In the brain parenchyma, bacteria may undergo lysis and release pro-inflammatory and toxic factors such as PGN and LPS (353, 354), while microglia interact directly with intact bacteria (179). Bacterial-derived pro-inflammatory factors such as LPS induce neurodegeneration (295). PGN and LPS stimulate microglial Toll-like receptors (TLRs), induce translocation of nuclear factor (NF) κB (336), and activation of MAPK signaling and transcription of genes encoding inflammatory cytokines (194, 259). Moreover, PGN increases microglial Cx43 mRNA and protein expression which correlates with development of gap junction communication in vitro (119). Similarly, treatment with LPS plus IFN-γ increases Cx43 expression in rat microglia and induces gap junction communication (102). In addition, brain stab wounds induce recruitment of Cx43 immunoreactive microglia, suggesting that Cx43 is important for coordinating microglial responses (102). Expression of Cxs and formation of gap junctions, at least at homocellular contacts, might be a common feature of inflammatory macrophagic cells. Cx43 expression has been demonstrated in activated dendritic cells (64, 326), peritoneal macrophages (12, 161), foam cells of atherosclerotic lesions (290), J774 cells (12, 28), Kupffer cells (100), and polymorphonuclear cells in a tissue subjected to ischemia-reperfusion or treated with pro-inflammatory cytokines (45, 161). LPS or TNF-α also promote microglial release of neurotoxic glutamate concentrations via Cx32 hemichannels (361).

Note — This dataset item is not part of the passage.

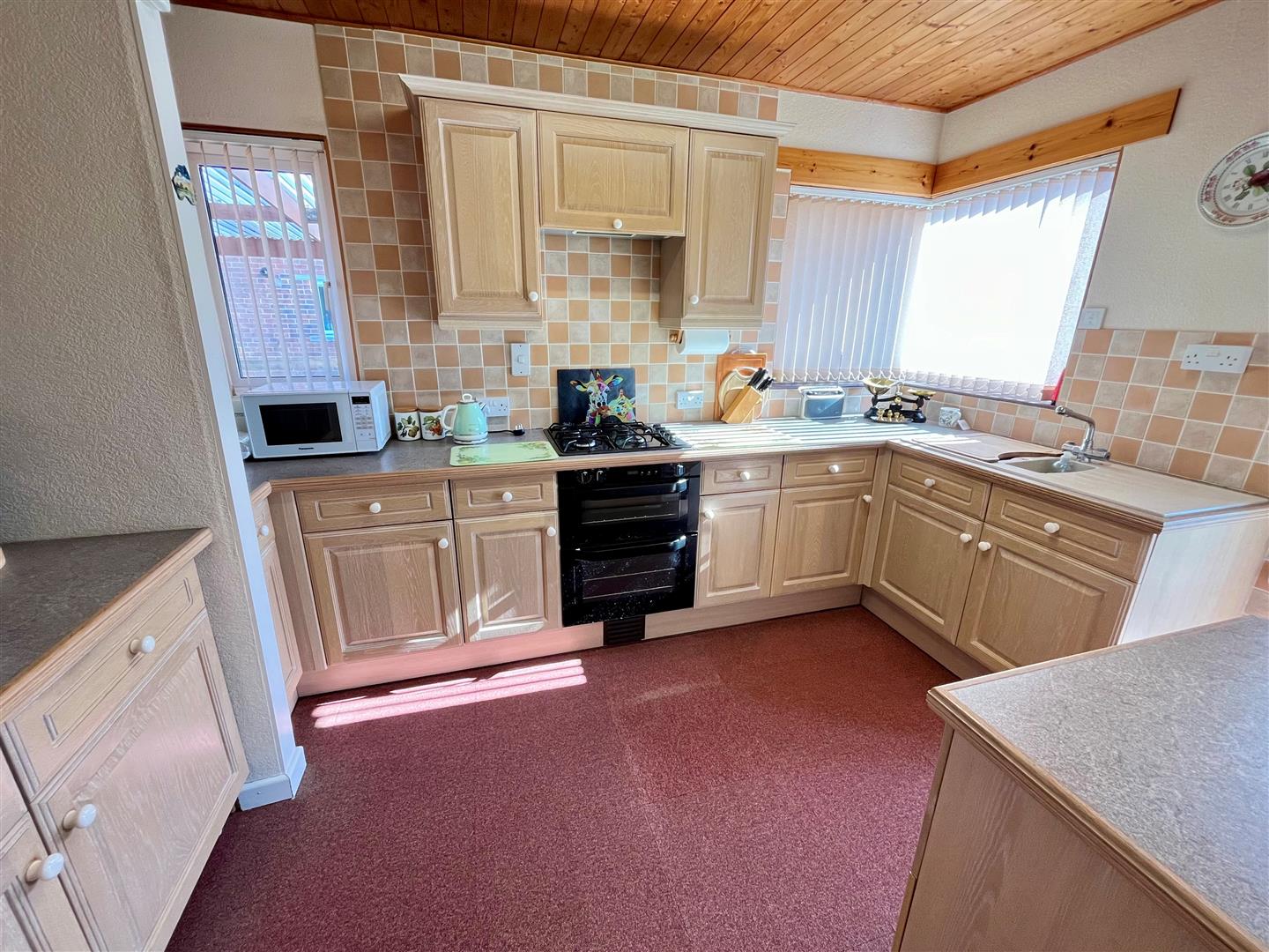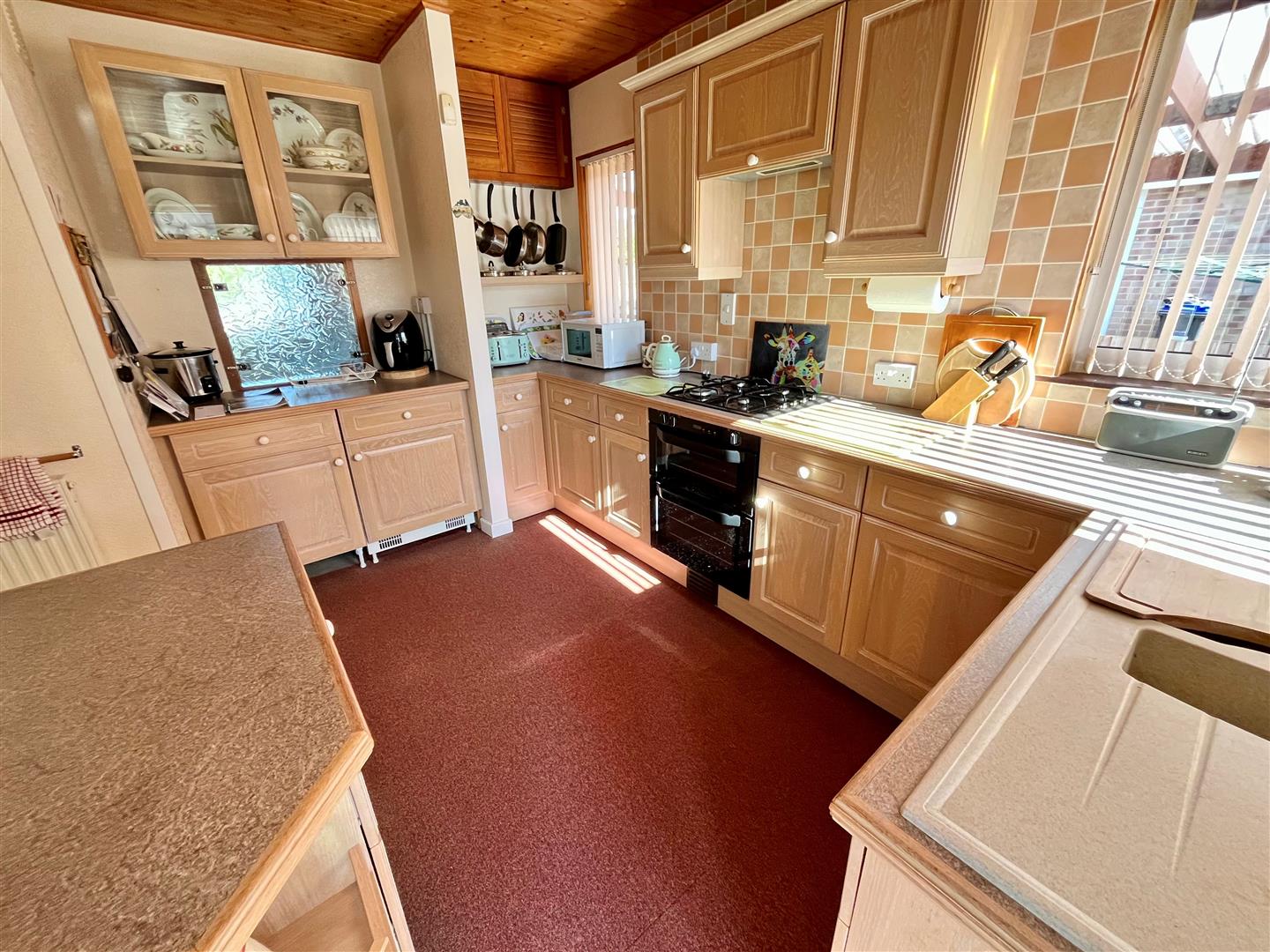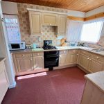Matching range of shaker style wall and base units with worksurface over. Inset gas hob with double oven under and extractor hood. Integral serving refrigerator and freezer, inset 1 ΒΌ bowl sink unit with mixer tap, tiled splashbacks. Double glazed windows to side and rear aspects and radiator. Part glazed door to:

While resting microglia have a weak but significant density-dependent inhibitory effect on astroglial Cx43 expression and gap junctional coupling (105, 321), microglia activation by LPS amplifies these effects (235, 314), suggesting that they can modify signaling among astrocytes. In addition, in astrocyte cultures not devoid of microglia, LPS or pro-inflammatory cytokines reduce astroglial coupling via nitric oxide synthase (NOS) induction and a p38 kinase-dependent pathway (40, 91, 139, 164, 235, 408). Both the IL-1β and TNF-α effects on gap junctions occur as early as 2 h after application (139, 408). Because this latency is close to the half-life of Cx43 (197), the action may be due to block of synthesis or increase in degradation of Cx. In general, the reduction in astroglial coupling is associated with reduced Cx43 levels (91, 164, 235). Similar to LPS, PGN reduces astroglial coupling associated with decrease in Cx43 and Cx30 protein levels; whereas under the same conditions expression of Cx26 increases (99). In co-cultures, inhibition of astrocyte dye coupling is induced by LPS-activated microglia which is associated to a reduction in Cx43 expression (235). The effect is mimicked when microglia-free astrocyte cultures are exposed to TNF-α plus IL-1β and is potentiated by Aβ (235), suggesting that reduction of gap junctional communication can result from activation of at least two different pathways. In agreement, activation of the innate immune response by dsRNA viruses and viral replication intermediates occurs via Toll-like receptor 3 (TLR3) and activation of astrocytes with the dsRNA mimetic polyinosinic-cytidylic acid (pI:C) inhibits expression of Cx43 (404). This effect is independent of p38 MAP kinase, ERK, or JNK signaling pathways, whereas it is completely inhibited by a blocker of the PI3 kinase/Akt pathway (404). Thus, activation of innate immune response can reduce astroglial coupling through two independent pathways. It remains unknown whether their simultaneous activation elicits a greater response of hemichannels and gap junctions channels than activation of either alone.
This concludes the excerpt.